Assignment
Below this line is a listing that includes pictures. Copy exactly, and only, the lines from the one containing "Chibi bride and" through the one containing "鳄鱼雕塑模型玻璃钢户外大型花园林水池景观小品装饰仿真动物摆件"; the pictures do not go in the copy.

Supplied material
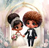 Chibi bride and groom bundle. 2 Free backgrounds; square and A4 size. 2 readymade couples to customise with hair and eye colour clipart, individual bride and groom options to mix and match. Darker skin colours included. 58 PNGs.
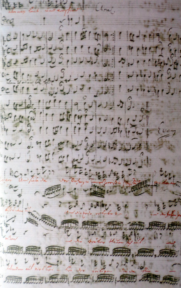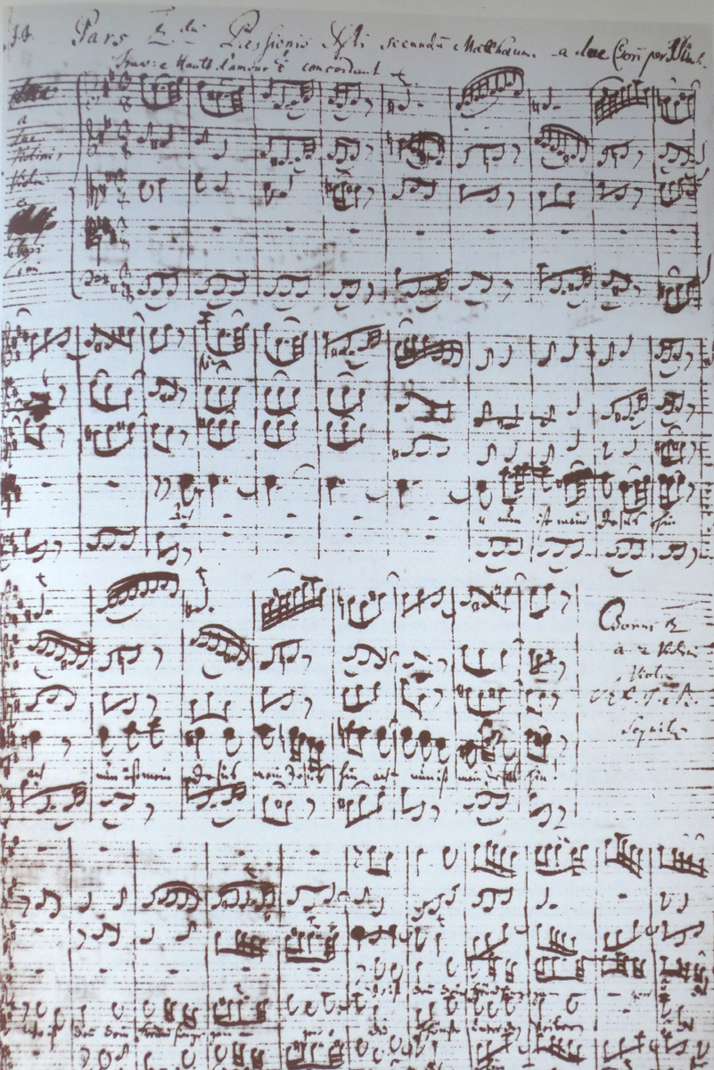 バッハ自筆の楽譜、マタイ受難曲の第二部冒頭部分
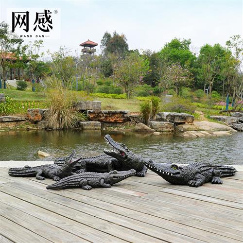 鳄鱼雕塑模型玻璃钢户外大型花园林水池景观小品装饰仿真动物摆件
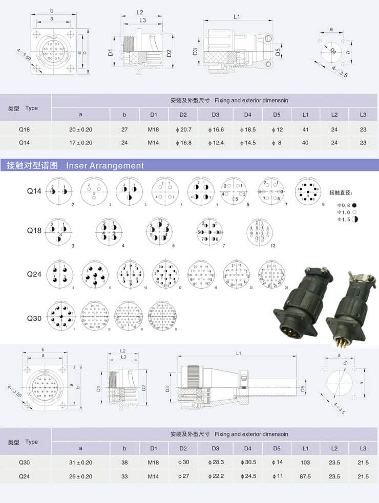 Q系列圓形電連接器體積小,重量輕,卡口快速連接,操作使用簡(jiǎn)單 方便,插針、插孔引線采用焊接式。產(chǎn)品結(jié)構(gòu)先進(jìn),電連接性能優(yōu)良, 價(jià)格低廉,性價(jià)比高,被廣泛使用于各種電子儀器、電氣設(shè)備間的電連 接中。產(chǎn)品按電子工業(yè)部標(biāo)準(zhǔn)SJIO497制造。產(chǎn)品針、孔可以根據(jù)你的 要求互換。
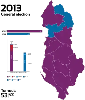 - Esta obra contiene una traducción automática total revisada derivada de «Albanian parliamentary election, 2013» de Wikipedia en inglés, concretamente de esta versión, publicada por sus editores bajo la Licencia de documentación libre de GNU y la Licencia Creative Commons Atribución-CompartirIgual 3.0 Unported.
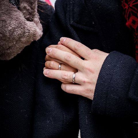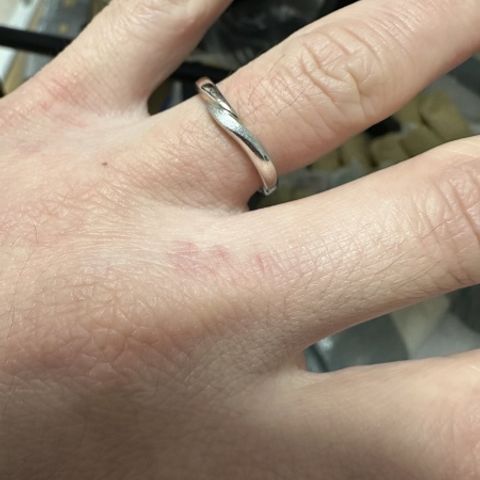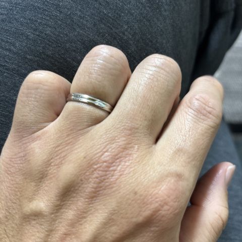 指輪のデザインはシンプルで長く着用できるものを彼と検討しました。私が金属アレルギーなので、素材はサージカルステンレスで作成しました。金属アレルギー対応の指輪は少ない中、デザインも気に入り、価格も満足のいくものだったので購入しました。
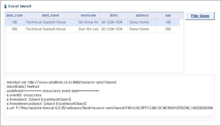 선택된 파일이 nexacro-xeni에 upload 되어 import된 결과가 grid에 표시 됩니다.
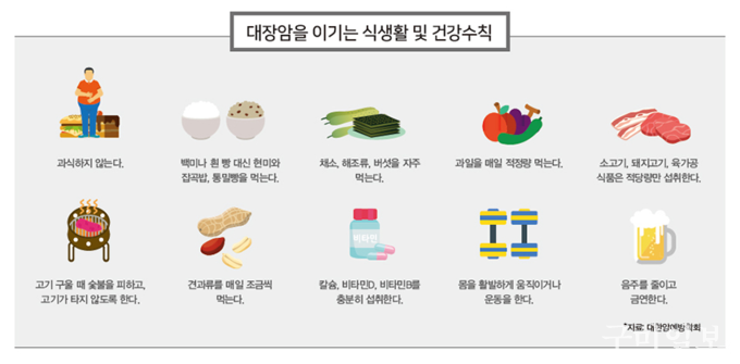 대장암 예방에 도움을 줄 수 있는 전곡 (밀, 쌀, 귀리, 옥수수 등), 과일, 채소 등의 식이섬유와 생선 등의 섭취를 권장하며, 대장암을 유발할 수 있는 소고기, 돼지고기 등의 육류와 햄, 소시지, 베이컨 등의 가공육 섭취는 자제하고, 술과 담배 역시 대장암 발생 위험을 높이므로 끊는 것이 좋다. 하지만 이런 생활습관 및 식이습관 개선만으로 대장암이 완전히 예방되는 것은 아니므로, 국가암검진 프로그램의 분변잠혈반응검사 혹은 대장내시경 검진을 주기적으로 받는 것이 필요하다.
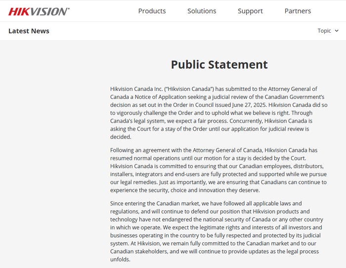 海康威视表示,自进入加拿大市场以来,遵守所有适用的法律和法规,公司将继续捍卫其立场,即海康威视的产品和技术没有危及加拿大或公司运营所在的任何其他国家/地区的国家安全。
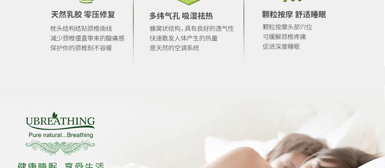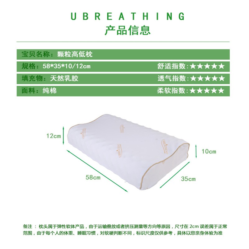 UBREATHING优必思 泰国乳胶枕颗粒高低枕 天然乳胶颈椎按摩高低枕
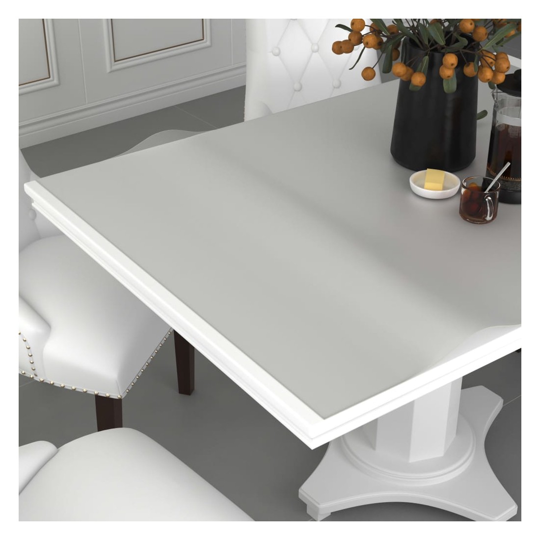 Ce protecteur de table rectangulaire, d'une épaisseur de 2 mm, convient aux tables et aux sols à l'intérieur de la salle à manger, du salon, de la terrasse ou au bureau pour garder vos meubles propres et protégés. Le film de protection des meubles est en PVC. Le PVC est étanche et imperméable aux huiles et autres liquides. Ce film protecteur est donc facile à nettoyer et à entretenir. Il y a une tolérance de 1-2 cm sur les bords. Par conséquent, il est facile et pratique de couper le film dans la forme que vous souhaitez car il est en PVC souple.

==

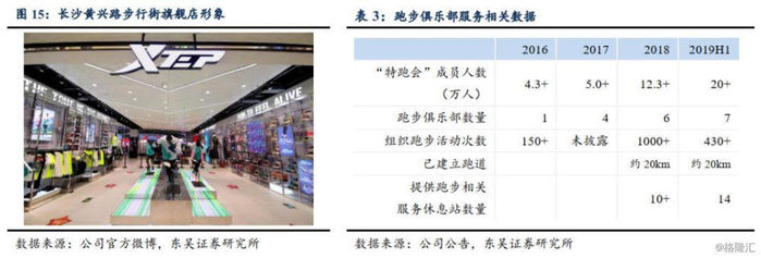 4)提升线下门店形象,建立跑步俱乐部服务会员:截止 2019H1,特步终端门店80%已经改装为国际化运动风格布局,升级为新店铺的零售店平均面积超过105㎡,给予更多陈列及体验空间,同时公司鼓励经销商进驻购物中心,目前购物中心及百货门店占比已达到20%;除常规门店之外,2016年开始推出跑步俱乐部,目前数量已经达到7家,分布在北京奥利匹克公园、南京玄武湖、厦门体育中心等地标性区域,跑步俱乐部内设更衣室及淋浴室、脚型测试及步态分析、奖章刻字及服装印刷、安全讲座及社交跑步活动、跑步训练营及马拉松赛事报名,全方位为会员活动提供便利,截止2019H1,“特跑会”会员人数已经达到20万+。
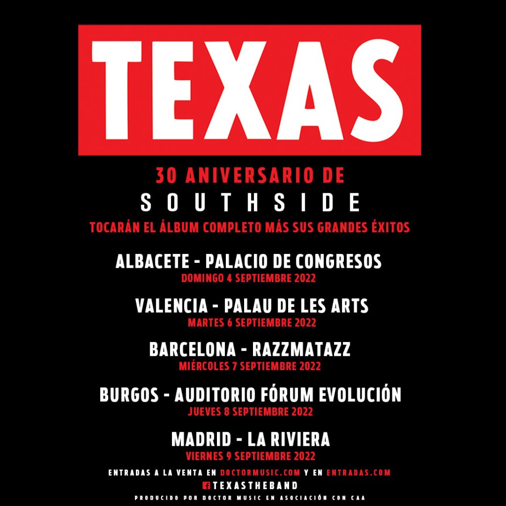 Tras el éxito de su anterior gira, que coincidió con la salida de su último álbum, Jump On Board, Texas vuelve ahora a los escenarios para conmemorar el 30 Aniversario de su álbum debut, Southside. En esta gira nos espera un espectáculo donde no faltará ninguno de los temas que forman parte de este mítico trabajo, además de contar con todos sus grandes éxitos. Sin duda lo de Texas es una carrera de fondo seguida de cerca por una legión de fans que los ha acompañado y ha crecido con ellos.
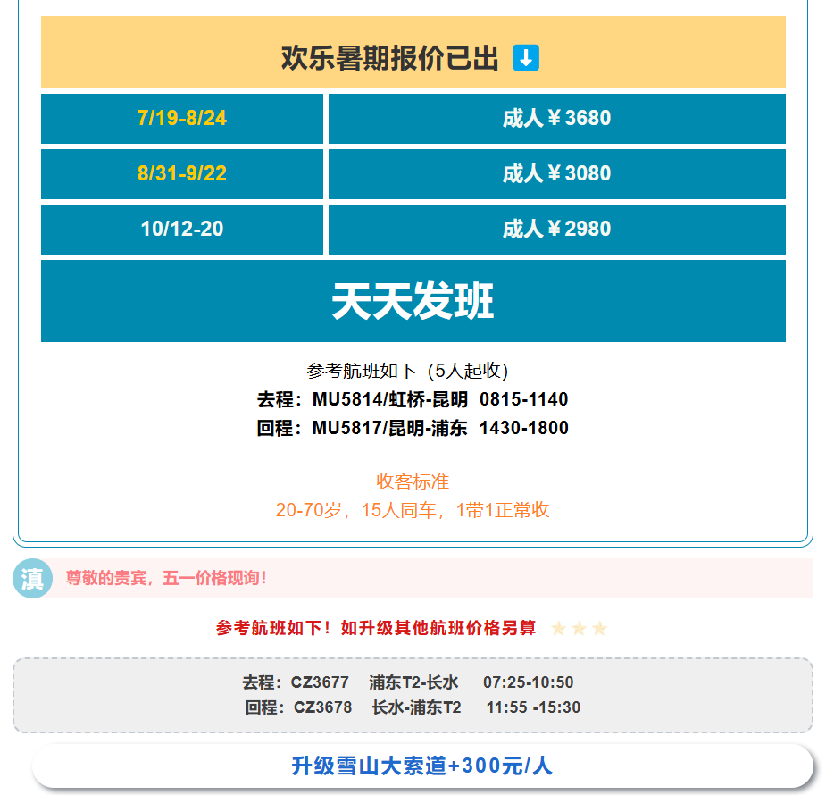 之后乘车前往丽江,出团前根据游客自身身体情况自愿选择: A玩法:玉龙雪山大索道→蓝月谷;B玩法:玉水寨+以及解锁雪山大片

Exercise result
 Chibi bride and groom bundle. 2 Free backgrounds; square and A4 size. 2 readymade couples to customise with hair and eye colour clipart, individual bride and groom options to mix and match. Darker skin colours included. 58 PNGs.
 バッハ自筆の楽譜、マタイ受難曲の第二部冒頭部分
 鳄鱼雕塑模型玻璃钢户外大型花园林水池景观小品装饰仿真动物摆件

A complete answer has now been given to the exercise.